HAL_DMA_RegisterCallback(&hdma_memtomem_dma2_stream0, HAL_DMA_XFER_CPLT_CB_ID, dma_m2m_callback);
1)&hdma_memtomem_dma2_stream0 – a pointer to the DMA_HandleTypeDef structure that describes your specific DMA stream/channel.
2)HAL_DMA_XFER_CPLT_CB_ID – a special enum indicating which event the callback is registered for. In our case, it’s the transfer completion.
3)dma_m2m_callback – a pointer to your handler function, which will be called when the event occurs.
It’s important that the callback is registered before starting the DMA.
Let’s write a short handler function.
void dma_m2m_callback(DMA_HandleTypeDef *hdma) { dmaTransferComplete = 1; }
In the handler function, set a transfer-complete variable to 1.
Then start copying from one array to the other.
if (HAL_DMA_Start_IT(&hdma_memtomem_dma2_stream0, (uint32_t)arrToDMA, (uint32_t)recArrToDMA, ARRAY_SIZE1) != HAL_OK) { Error_Handler(); }
Then, in a while loop, check the dmaTransferComplete variable, and if it equals 1, call the function to display the array on the screen.
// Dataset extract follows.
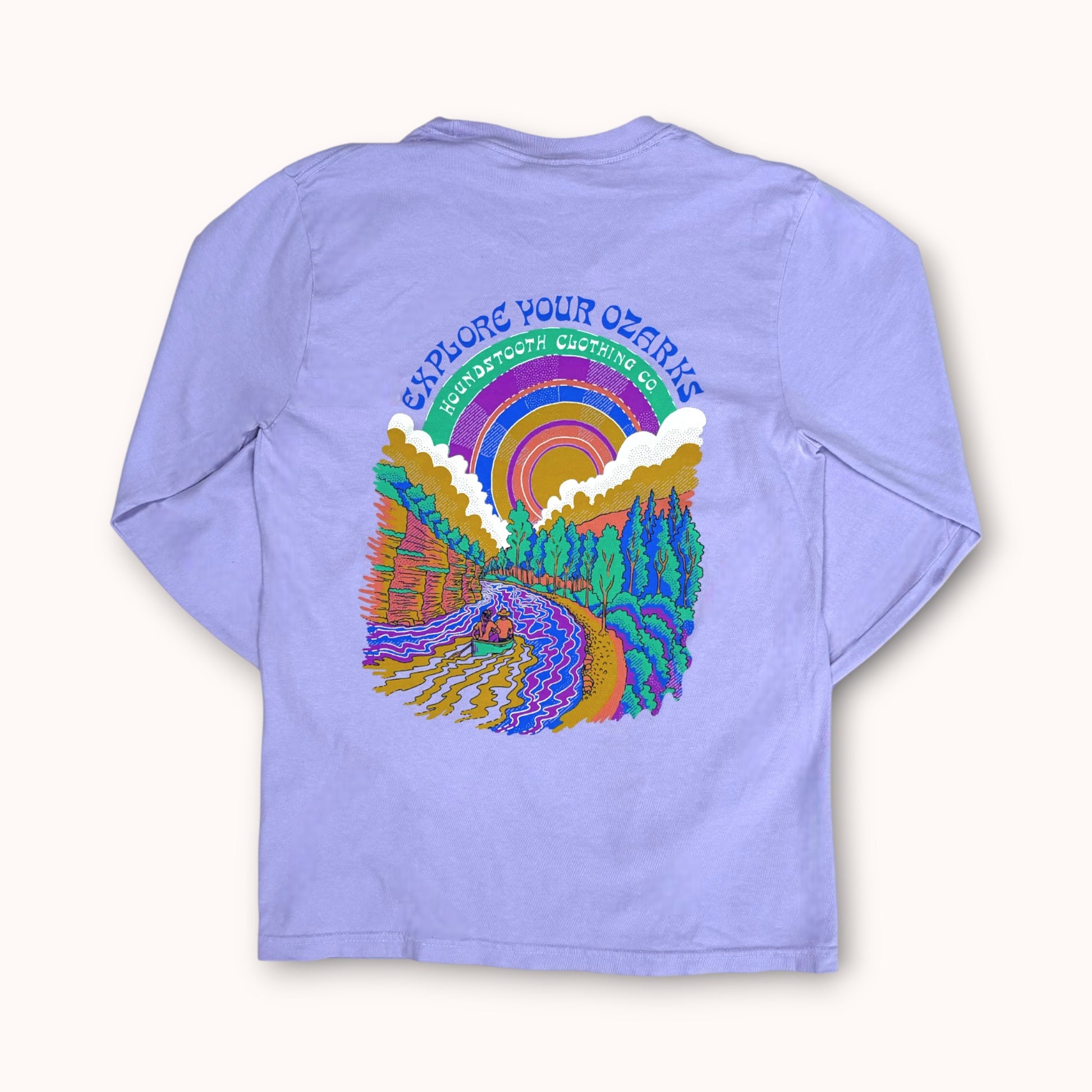 Sunset Bend invites you to glide gently along the tranquil flow of an Ozark river, where vivid colors and serene waters blend into a soothing celebration of nature’s beauty. This bright, colorful design captures the peaceful joy of a solitary canoe drifting downstream, framed by lush riverbanks and the warm glow of a setting sun. Made for lovers of vibrant design and the great outdoors, Sunset Bend evokes the gentle rhythms of Arkansas waterways—the perfect harmony of calm currents and radiant skies found in places like the Buffalo, Ouachita, or Kings Rivers. Whether you dream of quiet float trips in the heart of the Ozarks or simply cherish the spirit of adventure and natural splendor, Sunset Bend is a reminder to embrace the calm, vibrant moments that make every journey unforgettable.

while (1) { if (dmaTransferComplete) { HAL_Delay(1000); sendArrNumber(counter); counter++; } /* USER CODE END WHILE */ /* USER CODE BEGIN 3 */ }
Function body
void sendArrNumber(loc_counter) { char buffer[10]; sprintf(buffer, "%d", arrToDMA[loc_counter]); ST7735_DrawString(0, 3*10, buffer, Font_11x18, ST7735_GREEN, ST7735_BLACK); }
As a result, we filled the second array with data using DMA. Meanwhile, the program code continued executing in parallel with the data transfer, which is very convenient, especially when handling large amounts of data.